Speed-of-sound measurements
done by Ms. Irving's 6th-grade class
First we did the time measurements. Among the children, there were 4 watches, Ms. Irving had one, and I had brought one, plus an alarm clock with a second hand. Some watches had old-fashioned faces that could be observed by more than one person. I did the tapping, and the kids counted taps in a convenient 15-second interval. We got the following counts: 16, 16, 15, 16, 15, 16, 17, 17. The average is 16.0 counts in 15 seconds, or 0.94 second between beats.
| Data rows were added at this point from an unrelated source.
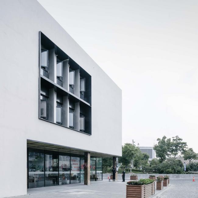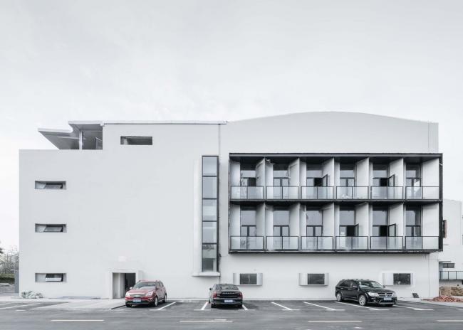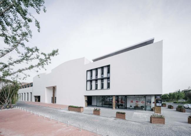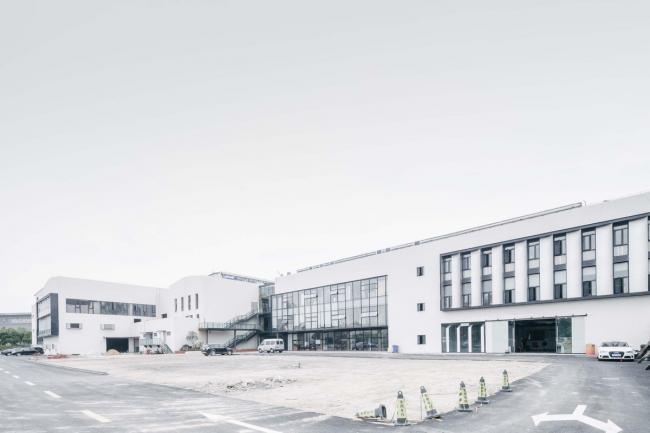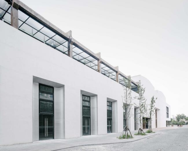本案对上海嘉定京沪高速旁一组上世纪90年代的工业车间和辅楼进行了全面的改造与更新。方案取“素胚瓷片”为概念,抽离出来的片状弧面形成了建筑外立面的原型母题和主展厅的基本语汇。设计保留了原有的建筑结构和场地关系,但通过内部钢结构夹层的增量,原空间的工业属性被赋予了新的艺术氛围及业态内容。封闭而进深的庞大车间体量被打开,新置入的景观连廊和玻璃天棚让园区的前后场地得以被连接,室内空间得以更好地被入驻企业及人群所使用。
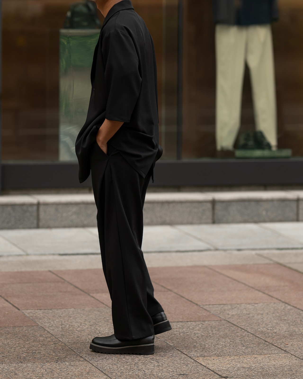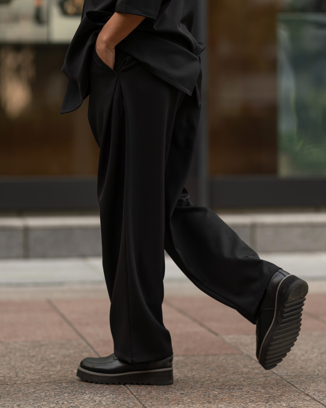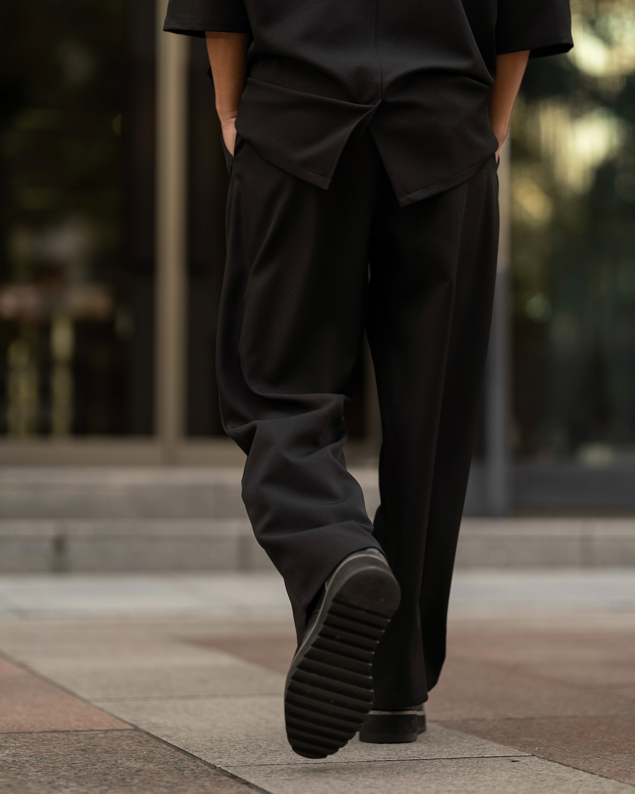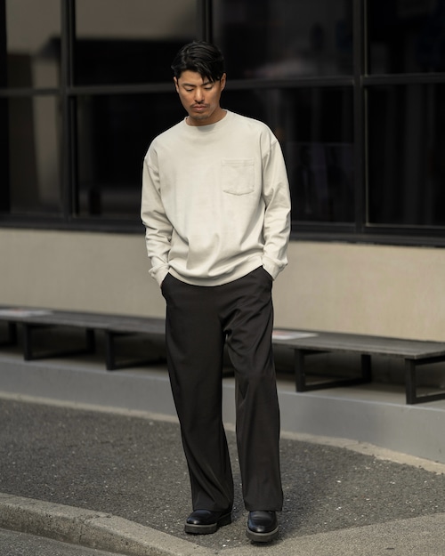 ワタリやヒップ周りにゆとりを持たせ、裾にかけてスッと落ちるボリュームのあるシルエットが、モードな雰囲気を演出。
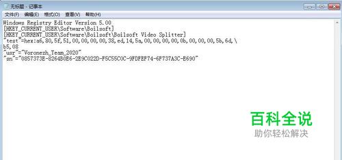 新建一个文本文档,把下述代码粘贴进去 Windows Registry Editor Version 5.00 [HKEY_CURRENT_USER\Software\Boilsoft] [HKEY_CURRENT_USER\Software\Boilsoft\Boilsoft Video Splitter] "test"=hex:a6,80,5f,51,00,00,00,00,38,ed,14,5a,00,00,00,00,0b,00,00,00,5b,6d,\ b5,08 "usr"="Voronezh_Team_2020" "sn"="0857373E-8264B0E6-2E9C022D-F5C55C0C-9FDFEF74-6F737A3C-E690"
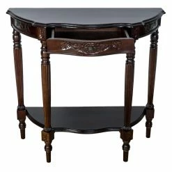 At the end of a long day, welcome yourself home to the warm, rich tones of the Wayborn 1 Drawer Console Table. Placed near your front entrance, this durable birch wood console table is the perfect place to shed the day’s worries. Place your keys or mail inside the single middle drawer to keep from accumulating clutter, and rest your bag on the lower shelf to keep it off the floor and out of the way. This table’s half-moon shape and ornate carved detailing give it an unassuming yet impactful look, ideal for more traditional style homes.

Next we measured the distance to the wall.I had brought one 12-foot tape measure, and there were a number of them from the classroom. I explained how they could measure a few steps, and then count steps to the wall. The class spontaneously broke up into teams of 2 and 3, and went to work. These are the measurements we recorded:
Steps to the wall | How big is a step? | Feet to the wall | Sound speed | ||
---|---|---|---|---|---|
feet/sec | mph | ||||
Aisha | 108 | 3 steps = 84" | 252' | 1075 | 733 |
Kim | 117 | 5 steps = 12' | 281' | 1199 | 817 |
Dennis | 217 (roundtrip) | 1 step = 2'3" | 244' | 1041 | 710 |
Sam | 123 | 4 steps = 85" | 218' | 930 | 634 |
Kelly | 102 | 1 step=1'8" | 170' | 725 | 494 |
Trey | 114 | 1 step = 2' | 228' | 972 | 663 |
Celeste | 104 | 1 step = 20" | 173' | 738 | 502 |
Ms. Irving | 218 (roundtrip) | 10 steps = 19'2" | 209' | 892 | 608 |
Pearl & Kathryn | 116 | 3 steps = 5' | 193' | 823 | 561 |
[There were actually more counts, but not all got calibrated, and not
all got written down - apologies to the kids that I missed]
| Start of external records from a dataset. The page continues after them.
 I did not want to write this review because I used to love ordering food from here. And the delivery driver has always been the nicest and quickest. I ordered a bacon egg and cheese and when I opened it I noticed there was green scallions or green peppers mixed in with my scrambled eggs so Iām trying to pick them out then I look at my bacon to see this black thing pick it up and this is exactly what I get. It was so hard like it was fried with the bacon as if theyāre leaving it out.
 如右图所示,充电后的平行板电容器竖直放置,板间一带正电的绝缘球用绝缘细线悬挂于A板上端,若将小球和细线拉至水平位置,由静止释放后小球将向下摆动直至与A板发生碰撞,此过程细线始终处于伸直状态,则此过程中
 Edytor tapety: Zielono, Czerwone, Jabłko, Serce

Columns 2 and 3 are what was measured. From that, the distance to the wall
was calculated (column 4).
In the time between the BANG and the returning echo, the sound has traveled
to the wall and back. Since the echo is halfway between BANGS, the sound
travels 4 times the distance to the wall in the time between BANGS on the
can. Therefore the speed of sound is 4x what is in column 4, divided by
the time we measured, 0.94 seconds. The result is written in column 5,
which is the speed of sound in feet/second. The last column is this speed
converted to miles per hour.
You can see from the table that there is a great spread in the estimates
of the distance, which translates into a proportional spread in the final
results.
Nevertheless, all results are in the right ballpark (about 1115 ft/s
or 760 mph), and I think they all got the hang of how to do rough
measurements quickly. Recall that we did the whole thing in a 1-hour time
slot.